# Scorpion from Alberta



## Raan_Jodus (Nov 29, 2003)

I was just thinking, and remembered there is a species of scorpion native to Alberta Canada.  Now, I dont know the scientific name of it, and couldnt really find anything about it through google or Jeeves.  All I could find, was it was about 4cm in length, (small) wasnt very venomous, and lived through the winter by going underground and minimizing the water in their bodies.

I was wondering if anyone had ever heard of someone keeping this species as a pet.  And if so, I was thinking of trying to aquire one if I could.  Now that i think about it, I think i do have a friend in Alberta, I'll ask him if he has ever seen them.
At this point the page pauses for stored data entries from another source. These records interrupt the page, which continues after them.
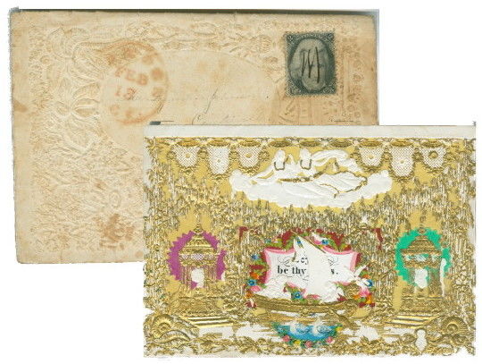 A single fold valentine with elaborate gold enhanced laced paper cover. The top of the lace depicts a decorative elements with two winged floating angels. At base green and purple wafers are shown behind gazebos on each side of a sail boat with two cherubs In front of the boat is applied scrap of two swans in water. Inside is an applied verse, "Joyful Be thy Days." Condition: overall excellent. Includes postally used envelope stamped Feb 13. Toning and stain on envelope.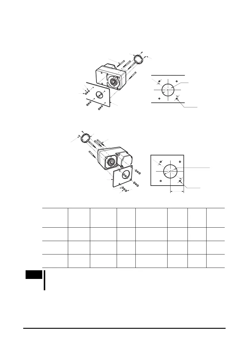 When installing the gearhead by using its rear side as the mounting surface,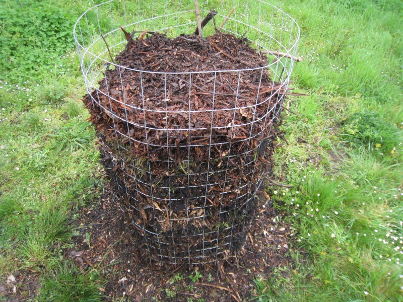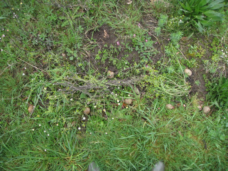 Nous avons également mis en place deux rangées de pommes terre, toujours sans travail du sol avec la technique des lasagnes : les semences sont posées à même le sol, recouvertes d’herbes coupées (ici des orties et du gaillet graterons) puis de broyat de bois.
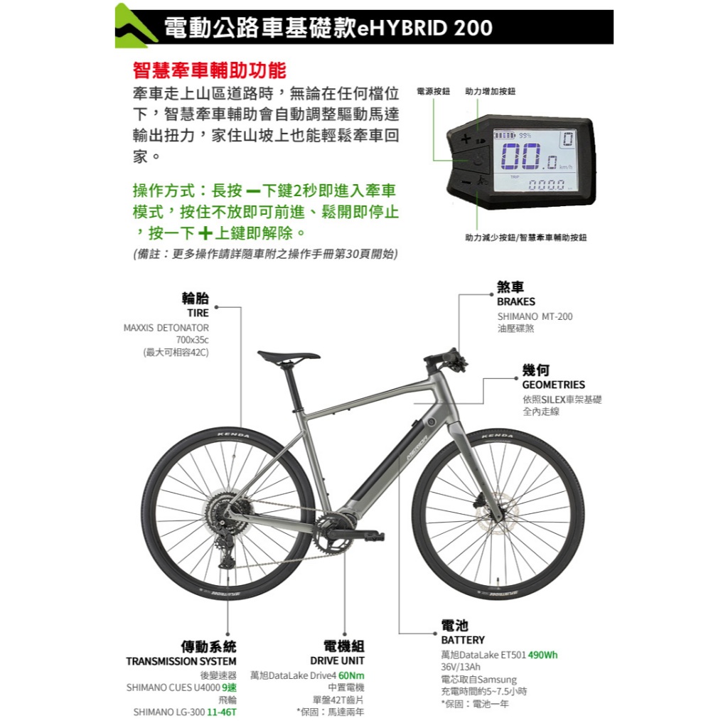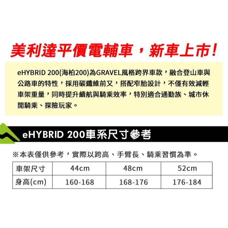 《MERIDA》eHYBRID 200 (海柏200) 美利達電動輔助公路車 B5 (E-BIKE/平價電動車/電輔車)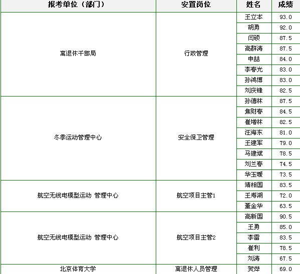 按照2013年中央單位接收安置軍轉干部工作的相關部署和要求,現將國家體育總局接收安置軍轉干部面試人員名單和成績公告如下: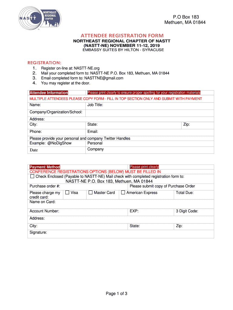 P. O Box 183 Methuen, MA 01844ATTENDEE REGISTRATION FORM NORTHEAST REGIONAL CHAPTER OF NASTY (BATTLE) NOVEMBER 1112, 2019 EMBASSY SUITES BY HILTON SYRACUSEREGISTRATION: 1. Register online at: BATTLE.org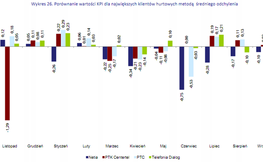 [i]Niepokojące są najniższe wartości zagregowanych KPI w przypadku największego konkurenta TP na rynku detalicznym – Netii. Przedstawione na wykresach dane mogą sugerować, iż TP gorzej traktuje lub wręcz dyskryminuje, swojego największego klienta (w stosunku do innych klientów). Dyskryminacja w poziomie obsługi dla Netii (najniższy poziom spośród powyższych operatorów) widoczna jest dla miesięcy: grudzień, styczeń, kwiecień, czerwiec, lipiec, sierpień, wrzesień[/i] – napisał [b]Urząd Komunikacji Elektronicznej[/b] w komentarzu do raportu.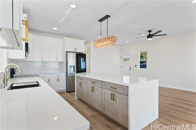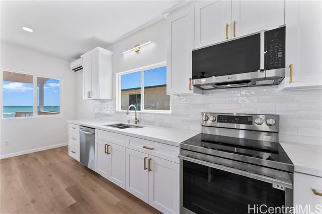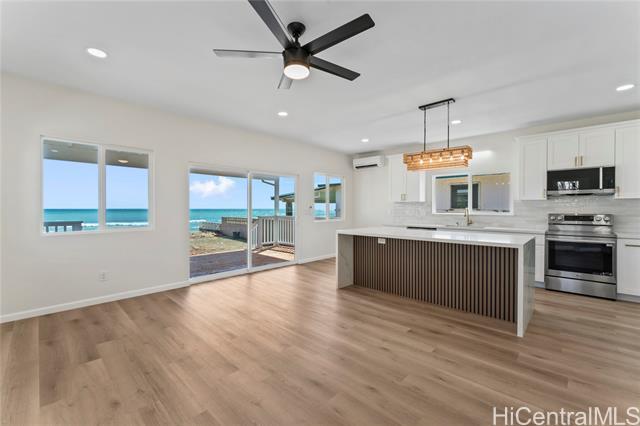 Welcome to this fully remodeled, charming oceanfront property located in Ewa Beach, featuring 3 bedrooms and 2 bathrooms. This home has been meticulously updated with a new kitchen, new appliances, and new flooring, showcasing modern living through elegant quartz countertops and trendy finishes. Situated on a spacious 7,500 sq ft lot, offering breathtaking ocean views, with direct beach access. Wake up to the sound of waves, step onto the beach, and enjoy sunsets from your covered lanai, perfect for relaxation and quality time with loved ones. Enjoy easy access to Ewa's amenities and shopping. This beachfront property offers unbeatable value on Oahu's shoreline.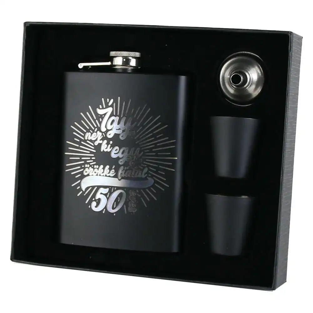Set cadou „Igy nez ki egy orokke fiatal 50 eves”, Plosca cu palnie si 2 pahare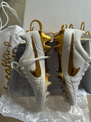 Botas de fútbol Nike Tiempo Ronaldinho SE edición especial. - Color blanco con detalles dorados. - Diseño exclusivo. - Incluye bolsa de tela. _talla 40 totalmente nuevas sin estrenar

but any additional info you guys have heard would be nice too.


----------



## Frank (Nov 29, 2003)

You may be talking about Paruroctonus boreus. In my knowledge, they are quite often seen in the Oklahoma (sp??) valley in BC. FYI, this is the end of the mexican-usa-canadian desert, that's why we (canadians) have one scorpion species.. 
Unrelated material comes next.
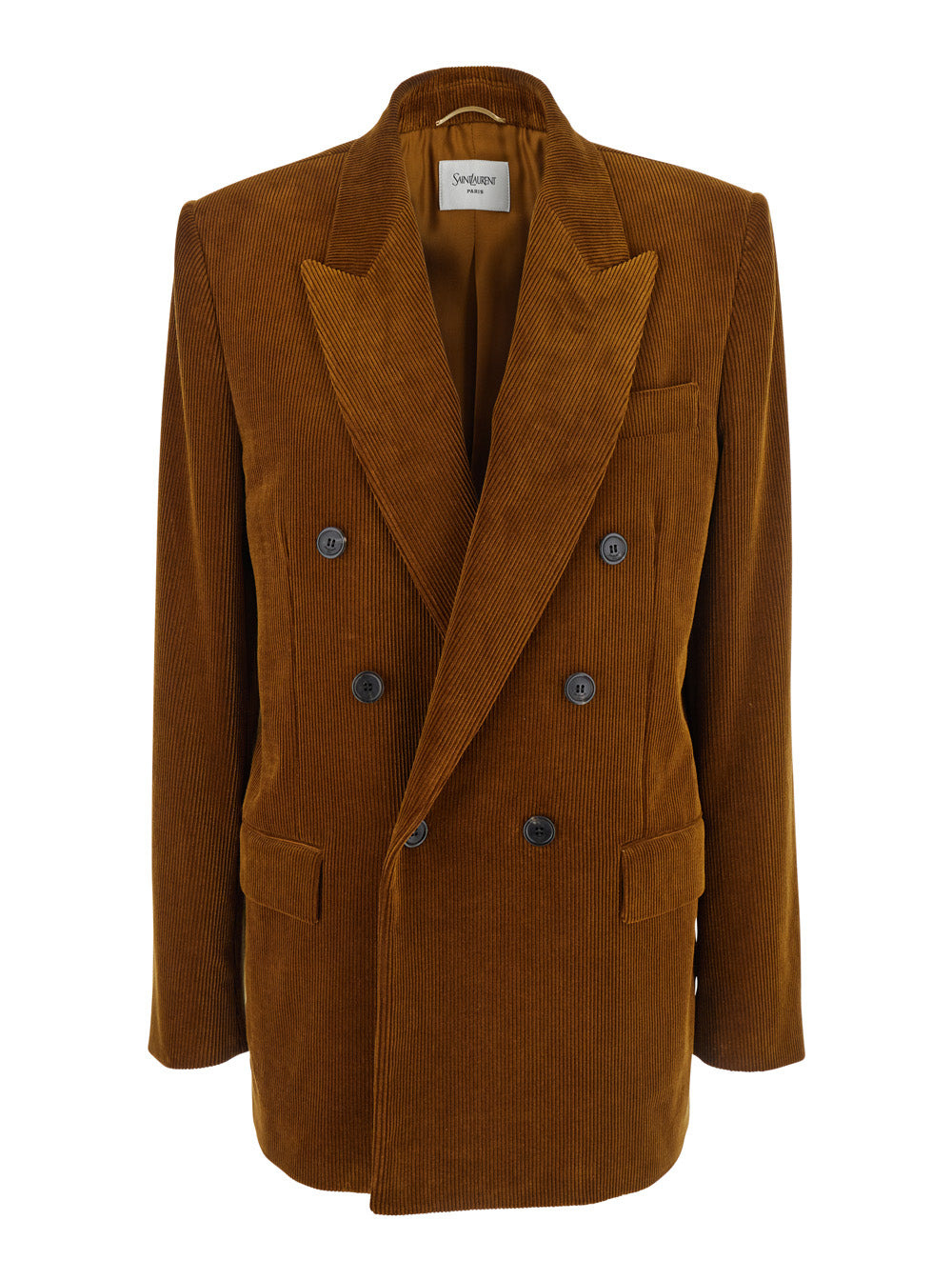 Saint Laurent Women Brown Double-Breasted Jacket With Notched Revers And In Corduroy Woman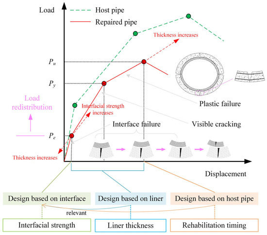Figure 17 illustrates the failure process of mortar-lined RCPs, highlighting the crucial role of interface. Interface failure leads to accelerated cracking and damage of the repaired pipe. The elastic limit load represents the combined effect of interface failure at all angular orientations. Increasing the elastic limit load delays the load redistribution and ultimately enhances the bearing capacity. Therefore, interface design is a critical component of SAPL design, with an emphasis on improving interfacial strengths rather than increasing liner thickness. For example, if the interfacial shear strength is 4 MPa, the elastic limit load can reach approximately 45 kN/m. To achieve this effect, the interfacial strengths can be improved through methods such as chiseling, installing rebars and applying interfacial agents. Additionally, advanced spraying construction techniques should be employed to control thickness uniformity and reduce interface failure probability. Only after interfacial improvements can the liner thickness be optimally calibrated to balance performance and cost. Since the residual bearing capacity is closely related to the damage extent of the host pipe, the rehabilitation timing becomes an important factor in limit state design. Timelier rehabilitation preserves the integrity of the host pipe, enhancing its post-rehabilitation strength.

This species is small like you said and aren't very venomous. According to what someone told me, they are only out from may to october. If you want some, you'll have to wait a few months


----------



## Raan_Jodus (Nov 29, 2003)

Thats probably the one.  I had an old magazine with a nice little article about them, but i'll be damned if i had it at school.  And yes, this wouldnt really be the best tiem of the year to ask someone to collect a few.  hehe.

That just means it'll give me time to set up a tank for em


----------



## Silver.x (Nov 29, 2003)

*re*

Finally a place in Canada where I know are some scorps. I thought they were all southern in warmer climates.


----------



## Raan_Jodus (Dec 2, 2003)

these guys apparently can hold off freezing for the winter underground.  I wish I had the article that i first saw these guys in, cause it was pretty cool.  If I ever find it I'll post it up.
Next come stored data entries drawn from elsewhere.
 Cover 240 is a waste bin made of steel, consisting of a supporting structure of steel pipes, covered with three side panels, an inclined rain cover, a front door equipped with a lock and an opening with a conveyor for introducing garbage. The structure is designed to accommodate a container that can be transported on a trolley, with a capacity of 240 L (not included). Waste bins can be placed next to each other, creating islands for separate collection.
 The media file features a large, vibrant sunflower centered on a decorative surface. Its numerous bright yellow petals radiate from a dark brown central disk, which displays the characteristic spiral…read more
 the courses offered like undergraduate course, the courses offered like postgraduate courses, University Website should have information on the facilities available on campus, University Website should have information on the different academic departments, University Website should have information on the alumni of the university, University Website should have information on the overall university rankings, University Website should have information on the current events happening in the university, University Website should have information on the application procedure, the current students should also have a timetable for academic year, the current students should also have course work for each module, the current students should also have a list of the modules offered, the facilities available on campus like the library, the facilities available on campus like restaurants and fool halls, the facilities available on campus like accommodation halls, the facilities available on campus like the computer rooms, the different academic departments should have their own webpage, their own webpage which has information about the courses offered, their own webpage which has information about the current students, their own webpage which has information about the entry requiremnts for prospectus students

Well I checked out the name that Frank supplied, and you were right Frank.  That seems to be the culprit there.

From http://www.angelfire.com/tx4/scorpiones/paruroctonus.html

Paruroctonus boreus (Girard, 1854)
northern scorpion
Photo of concolorous (auratus) form courtesy of and Copyright 1999 R. David Gaban.
Photo of common P. boreus (preserved female from Idaho) by KJM and W.M. Burrell Copyright 2001.
Distribution: Common in a variety of habitats and elevations (to over 2000 m, 7000 ft). Western North America, from southern Canada to northern Arizona to eastern California, essentially excluding the northwest coastal region and the Mojave and Sonora Deserts. The northern scorpion probably occurs in northwestern New Mexico (Gertsch and Soleglad 1966).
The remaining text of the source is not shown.